### Task prompt
Leave the pictures out and quote every line from the start of the listing to the line with "Горные облака над", inclusive.

##### Data

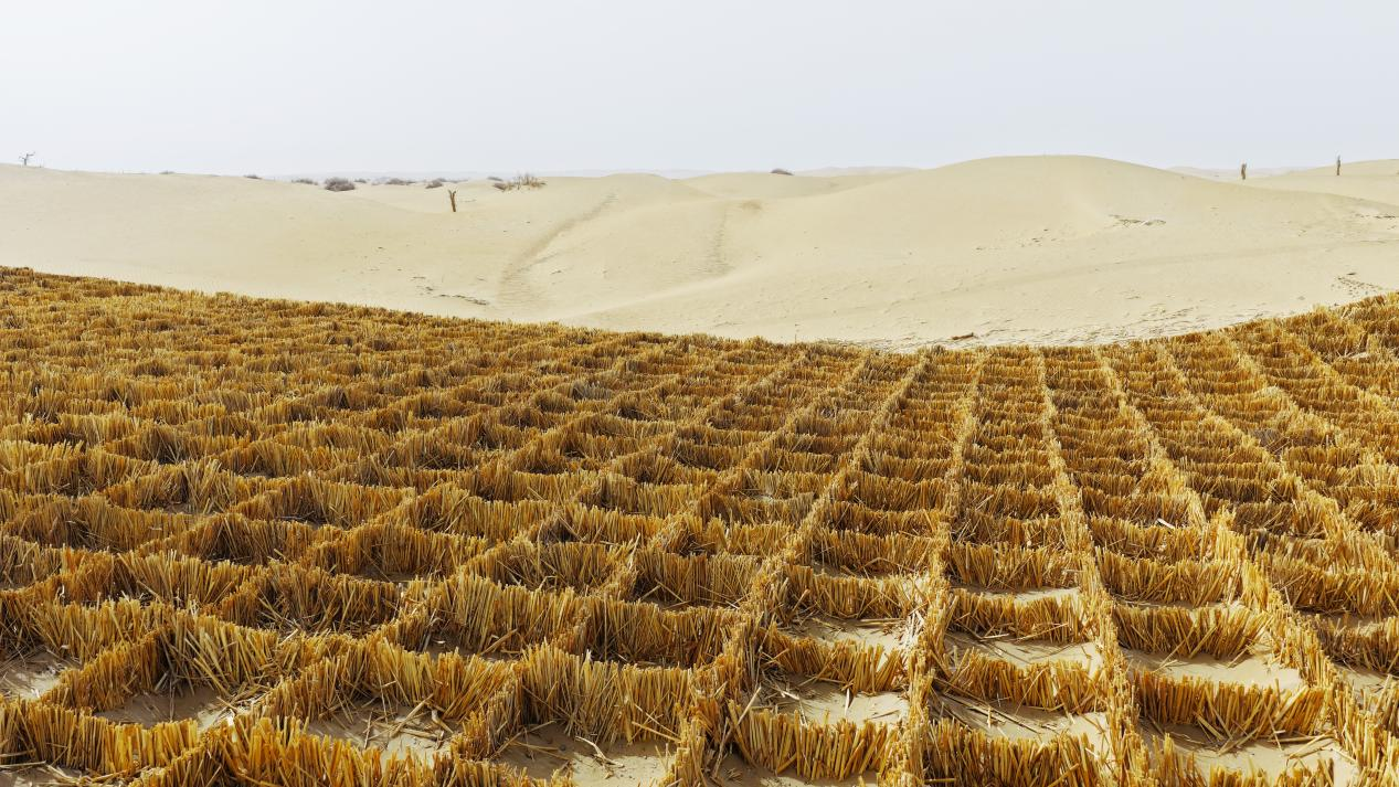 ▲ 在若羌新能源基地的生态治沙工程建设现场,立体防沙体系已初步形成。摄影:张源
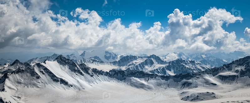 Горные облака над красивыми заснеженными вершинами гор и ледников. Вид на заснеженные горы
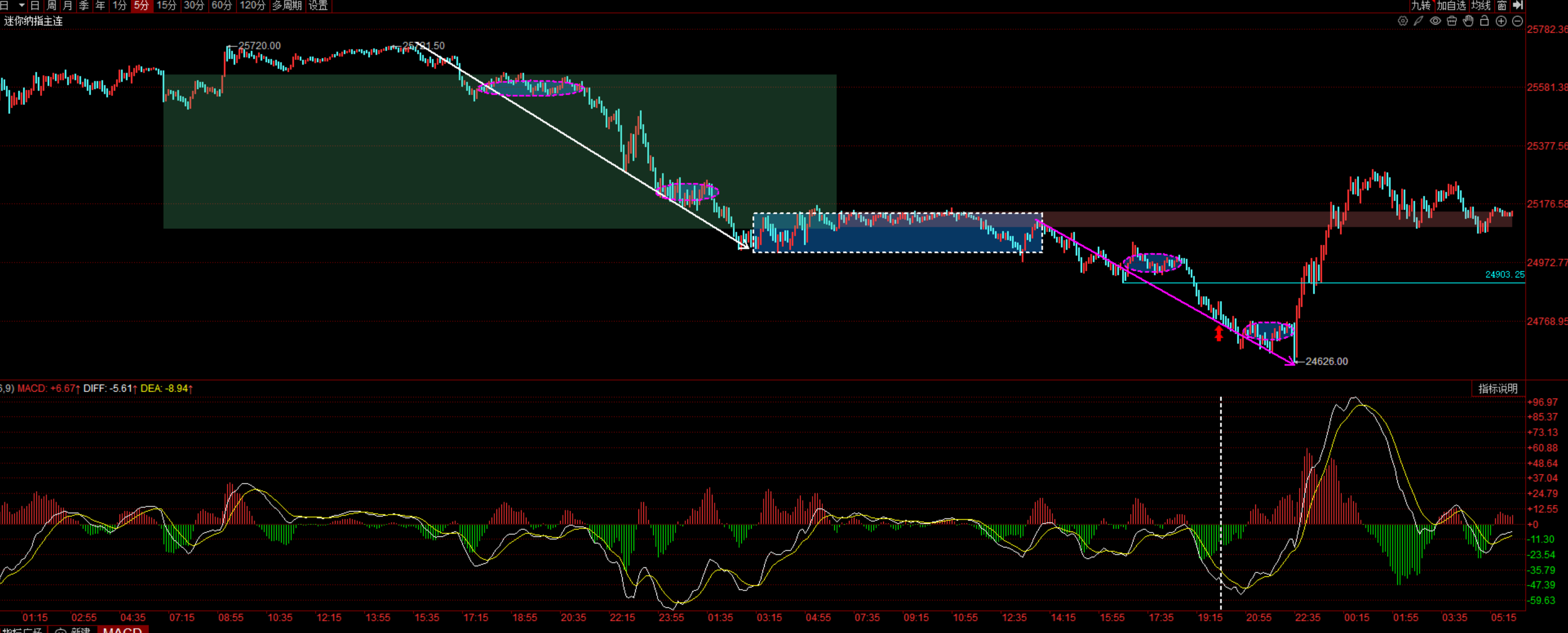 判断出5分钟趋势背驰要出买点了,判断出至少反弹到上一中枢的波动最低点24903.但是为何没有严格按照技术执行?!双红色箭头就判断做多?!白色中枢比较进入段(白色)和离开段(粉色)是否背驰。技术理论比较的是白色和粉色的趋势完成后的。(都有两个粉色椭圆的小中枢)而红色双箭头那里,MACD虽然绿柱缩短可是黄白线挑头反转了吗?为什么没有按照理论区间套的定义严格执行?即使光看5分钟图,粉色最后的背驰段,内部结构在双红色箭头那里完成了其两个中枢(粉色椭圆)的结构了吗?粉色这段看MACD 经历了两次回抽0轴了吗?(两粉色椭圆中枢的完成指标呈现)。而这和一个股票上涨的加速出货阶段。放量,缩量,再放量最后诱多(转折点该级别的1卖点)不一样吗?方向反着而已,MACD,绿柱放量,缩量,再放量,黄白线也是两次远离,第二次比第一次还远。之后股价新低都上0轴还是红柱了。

##########

### Solution to this problem
 ▲ 在若羌新能源基地的生态治沙工程建设现场,立体防沙体系已初步形成。摄影:张源
 Горные облака над красивыми заснеженными вершинами гор и ледников. Вид на заснеженные горы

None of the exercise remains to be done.